• _WHAT YOU HAVE TO DO_
Leave out all pictures and retype exactly the lines from the one with "Schaumont, Figure 2.15" through the last line of the material.

• _DATA FOR THIS EXERCISE_
=== Begin Enclosure ===

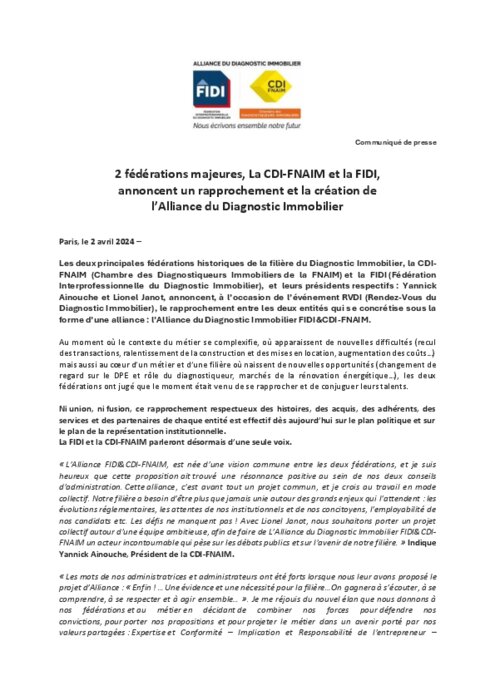 Les deux principales fédérations historiques de la filière du Diagnostic Immobilier, la CDI-FNAIM (Chambre des Diagnostiqueurs Immobiliers de la FNAIM) et la FIDI (Fédération Interprofessionnelle du Diagnostic Immobilier), et leurs présidents respectifs : Yannick Ainouche et Lionel Janot, annoncent, à l’occasion de l’événement RVDI (Rendez-Vous du Diagnostic Immobilier), le rapprochement entre les deux entités qui se concrétise sous la forme d’une alliance : l’Alliance du Diagnostic Immobilier FIDI&CDI-FNAIM.
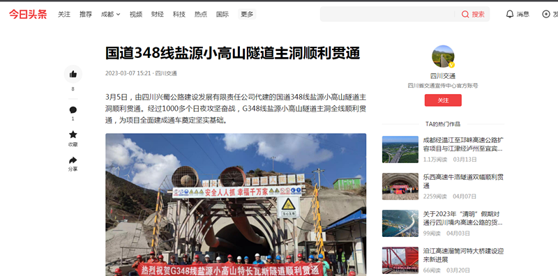 3月5日,由四川興蜀公路建設發(fā)展有限責任公司代建的國道348線鹽源小高山隧道主洞順利貫通。經(jīng)過1000多個日夜攻堅奮戰(zhàn),G348線鹽源小高山隧道主洞全線順利貫通,為項目全面建成通車奠定堅實基礎。
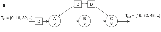 Schaumont, Figure 2.15 - Estensione del modello SDF con risorse: latenza di attori, buffer per code FIFO
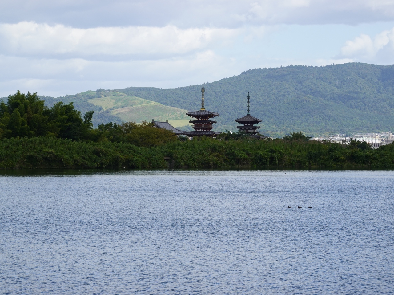 シェアサイクルで西ノ京エリアを観光した際、薬師寺参拝に先立って訪れたのが大池です。ガイドブックにも紹介されている大池越しの薬師寺を見るためですが、まさに絶景でした。大池自体はさほど特徴のない池ですが、その向こうに見える薬師寺の五重塔、さらにその先に見える若草山の景色は奈良を代表する景観のひとつだと思います。
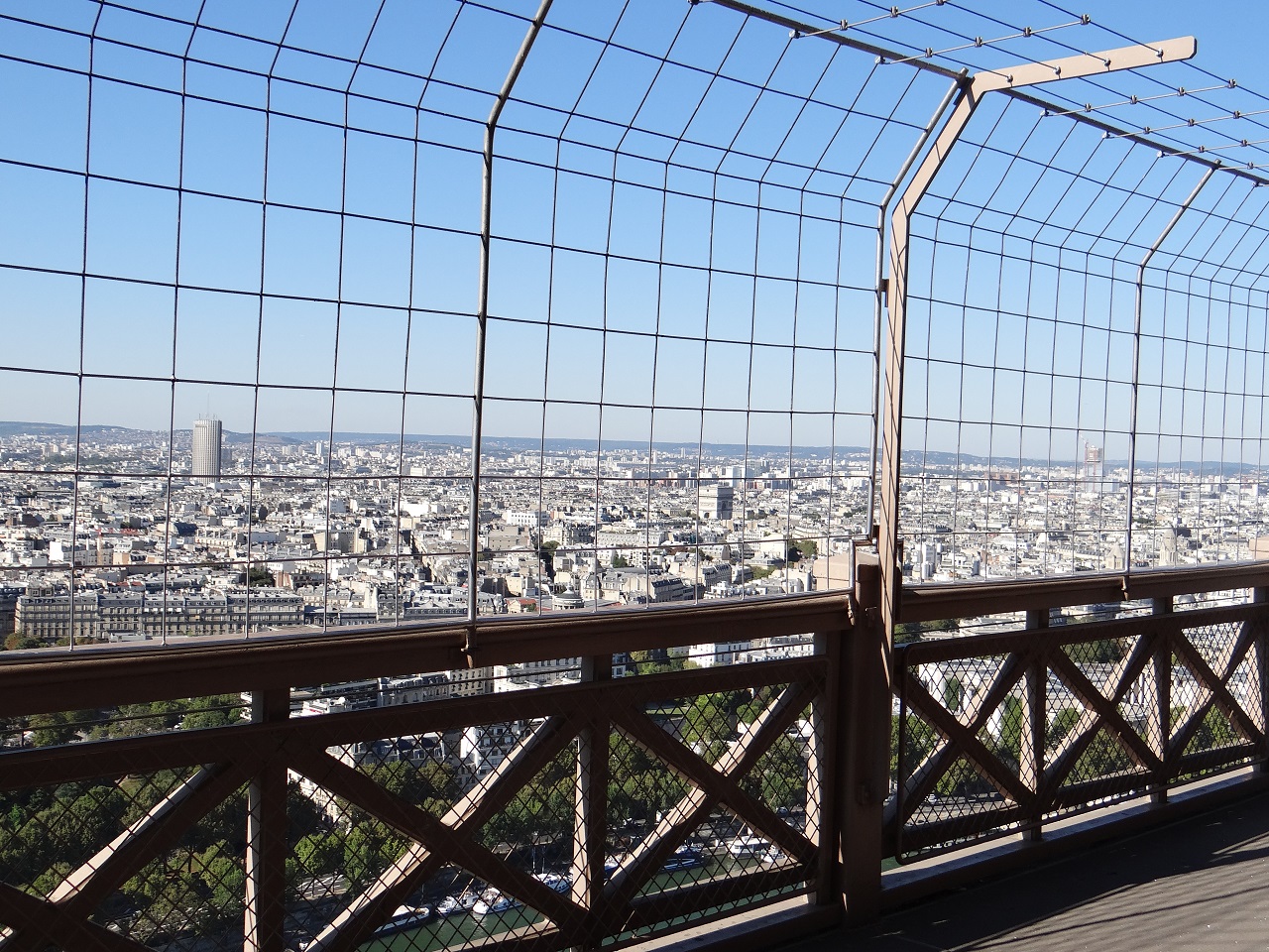 The top has great views beyond the fencing however, the 2nd floor is still amazing with views of Paris.

=== End Enclosure ===

• _RESPONSE TO THE EXERCISE_
 Schaumont, Figure 2.15 - Estensione del modello SDF con risorse: latenza di attori, buffer per code FIFO
 シェアサイクルで西ノ京エリアを観光した際、薬師寺参拝に先立って訪れたのが大池です。ガイドブックにも紹介されている大池越しの薬師寺を見るためですが、まさに絶景でした。大池自体はさほど特徴のない池ですが、その向こうに見える薬師寺の五重塔、さらにその先に見える若草山の景色は奈良を代表する景観のひとつだと思います。
 The top has great views beyond the fencing however, the 2nd floor is still amazing with views of Paris.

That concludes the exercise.